Source data
******

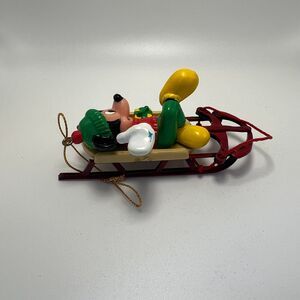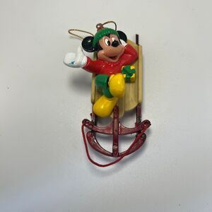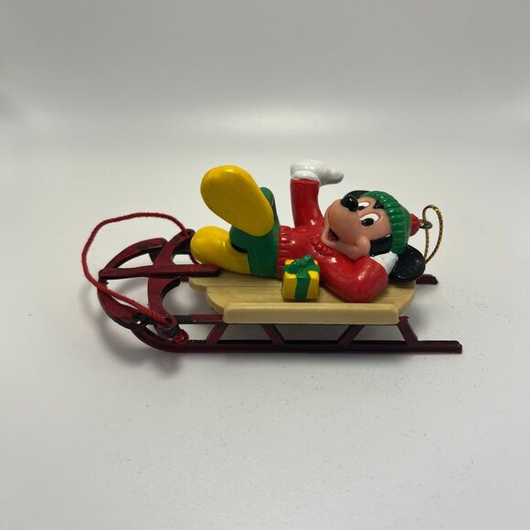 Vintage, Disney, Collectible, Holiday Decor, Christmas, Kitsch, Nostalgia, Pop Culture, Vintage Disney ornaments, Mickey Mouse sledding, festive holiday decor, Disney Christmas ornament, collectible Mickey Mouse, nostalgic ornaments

******

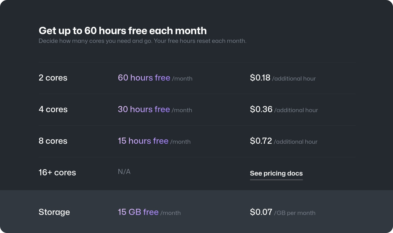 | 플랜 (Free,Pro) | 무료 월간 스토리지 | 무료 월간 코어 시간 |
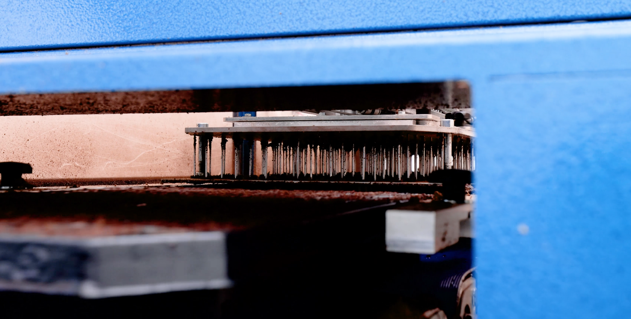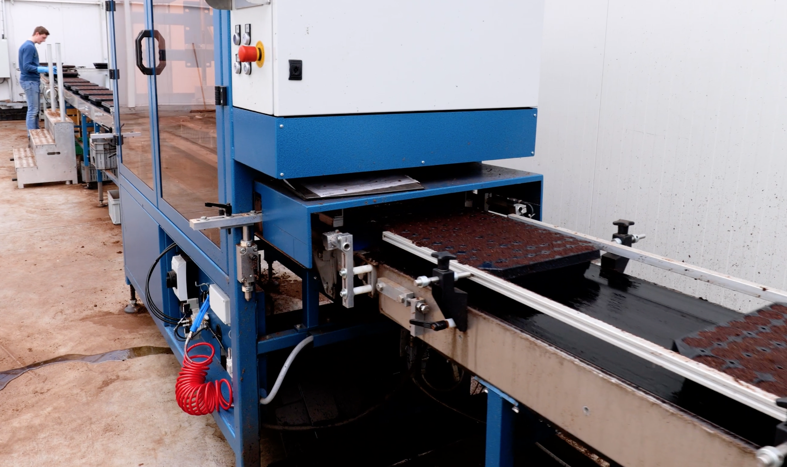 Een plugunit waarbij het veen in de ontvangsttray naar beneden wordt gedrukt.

******

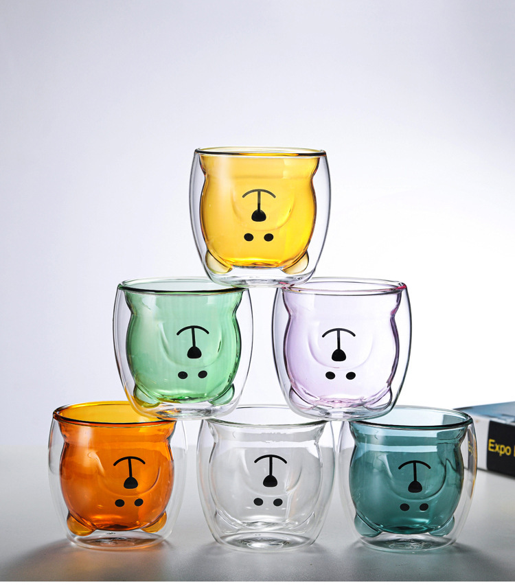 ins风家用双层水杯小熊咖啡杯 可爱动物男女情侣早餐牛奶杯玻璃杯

******

What you are asked to do
Your copy should hold only the lines above from the one containing "무료 월간 코어 시간 |" through the one containing "Een plugunit waarbij", exactly as written and free of pictures.

Response box
 | 플랜 (Free,Pro) | 무료 월간 스토리지 | 무료 월간 코어 시간 |
 Een plugunit waarbij het veen in de ontvangsttray naar beneden wordt gedrukt.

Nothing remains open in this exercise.